Task instructions: Everything from the first line of the data through the line with "6月1日、1年生は自然体験学" is to be echoed exactly, minus the pictures.
--- Task inputs Enclosed Below ---
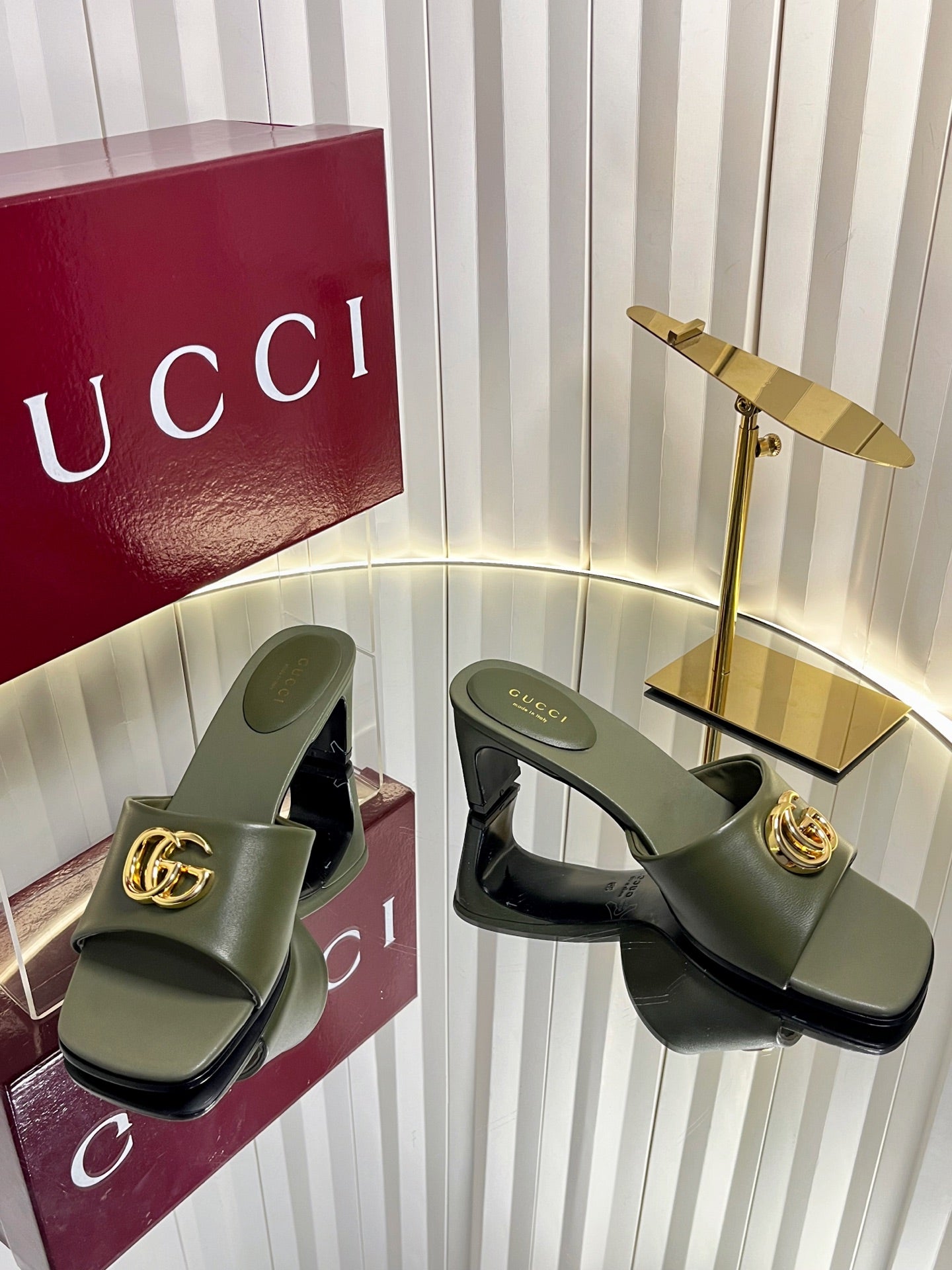 GUCCI 26S HIGH-HEELED SANDALS 45 MM IN MOSS GREEN CALFSKIN
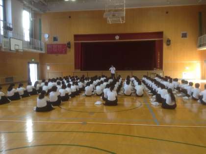 6月1日、1年生は自然体験学習の代休後の登校です。朝の学年集会では、室内オリンピックの表彰がありその後、先生から「できないとか、絶対無理という言葉をなくそう。必ずできるという意識を持とう」とある映像を見ながらお話がありました。2年生の学年集会では「意識をすることで行動が変わる」3年生でも同じことが話されていました。修学旅行を控え、個人個人の行動に責任を持つようにと。
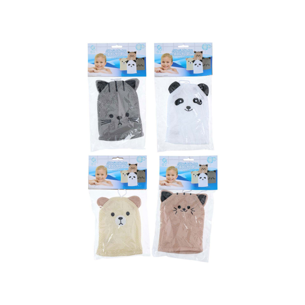 Schattige badhandschoen in de vorm van een dier. Inclusief ophanglus. Voor een zachte en effectieve reiniging van de huid. Perfect voor dagelijks gebruik. Afmetingen: 19,7 cm.
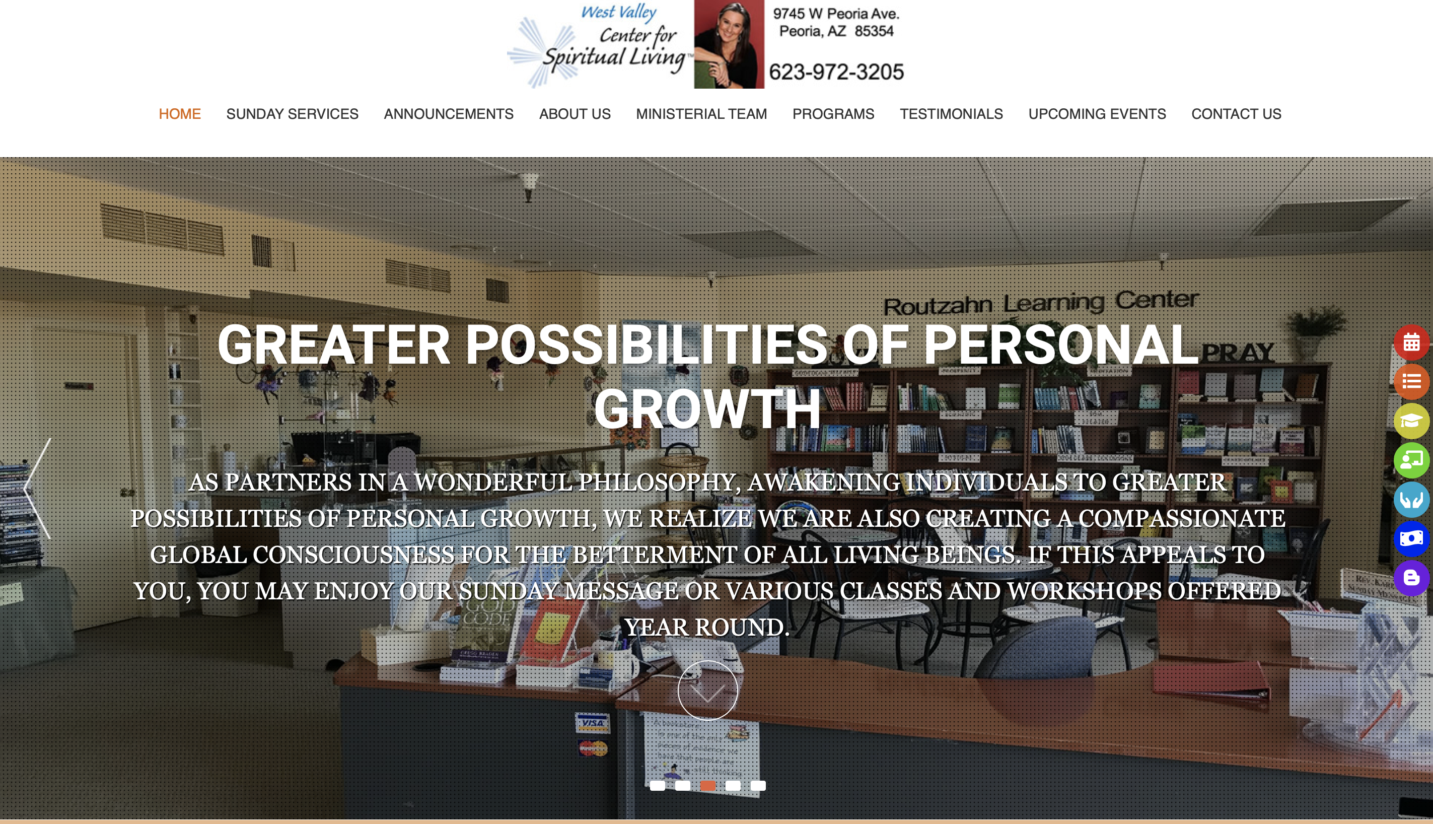 West Valley Center for Spiritual Living is a vibrant, Science of Mind Community teaching powerful spiritual truths for successful living. We are a philosophy, a faith and a positive way of life that encourages spiritual exploration, personal growth and personal experience of God. We consider ourselves to be an open, loving community where people of all faiths are embraced.
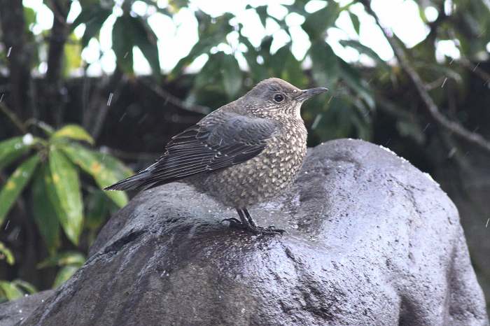 我が家の庭石にとまって餌がありそうな場所を探しているイソヒヨドリ♀です。
--- End of Enclosed Task inputs ---
Reply:
 GUCCI 26S HIGH-HEELED SANDALS 45 MM IN MOSS GREEN CALFSKIN
 6月1日、1年生は自然体験学習の代休後の登校です。朝の学年集会では、室内オリンピックの表彰がありその後、先生から「できないとか、絶対無理という言葉をなくそう。必ずできるという意識を持とう」とある映像を見ながらお話がありました。2年生の学年集会では「意識をすることで行動が変わる」3年生でも同じことが話されていました。修学旅行を控え、個人個人の行動に責任を持つようにと。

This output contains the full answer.